The recovery began in 2010, but it was not a traditional recovery in that it was not driven by housing, but instead by growth in exports. "Typically, the recovery is driven by housing, but you can't have a recovery driven by housing when housing caused the problem in the first place," she said. "This recovery has been driven by exports."

Rossell said that many people (including business people) think of China as a potential market when discussing export growth. She cautioned, however, that while China's overall export growth has been impressive, its per capita wealth remains relatively low. "Their GDP per person, which is how you measure how wealthy they are, is only about 60 percent of Mexico's," she said.

Even with that somewhat surprising statistic in mind, Rossell said the improvement of the U.S. economy has much to do with income growth among the Chinese. "There are a lot of people that live there," she said. "And when they get rich, what do they want? They want our stuff. Our economy is being driven by the wealth of the rest of the world. That's a very different recovery than we have ever seen."

While income, or "wealth," has been growing in other parts of the world, Americans responded to the economic downturn by cutting their spending. "When Americans cut their spending, they cut labor-intensive services," Rossell pointed out. Americans cut everything from eating out to pedicures from their personal budgets. "In an effort to fix their personal balance sheet, they cut," she said. "What did they cut? They can cook their own dinners. They can wash their own cars, they can do their own laundry. They cut labor-intensive services. That's why the export-driven recovery has not created jobs."

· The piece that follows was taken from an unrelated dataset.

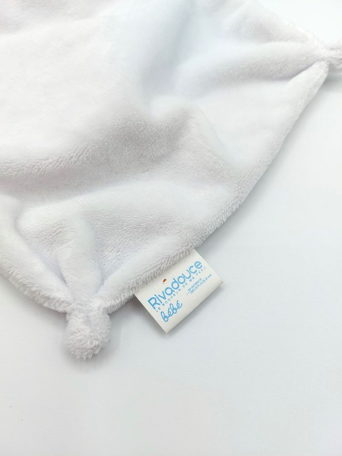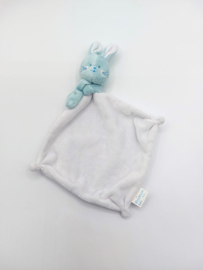 Doudou peluche lapin bleu RIVADOUCE bébé mouchoir blanc

The dynamic of the recovery, though, will begin to shift this year. "This will be the year American consumers start to feel like they are in a recovery," she declared. Based on projections for key stock market indexes, all of which are hovering near all-time highs, Rossell anticipates the news will be improving even more for corporate America and that will help boost consumer sentiment and outlook. "If you have continued to invest in things like 401Ks, if you have been doing the right things, your portfolio looks better than it did before the downturn," she said. "The recovery in the stock market is what will help people feel the recovery that they have not yet sensed."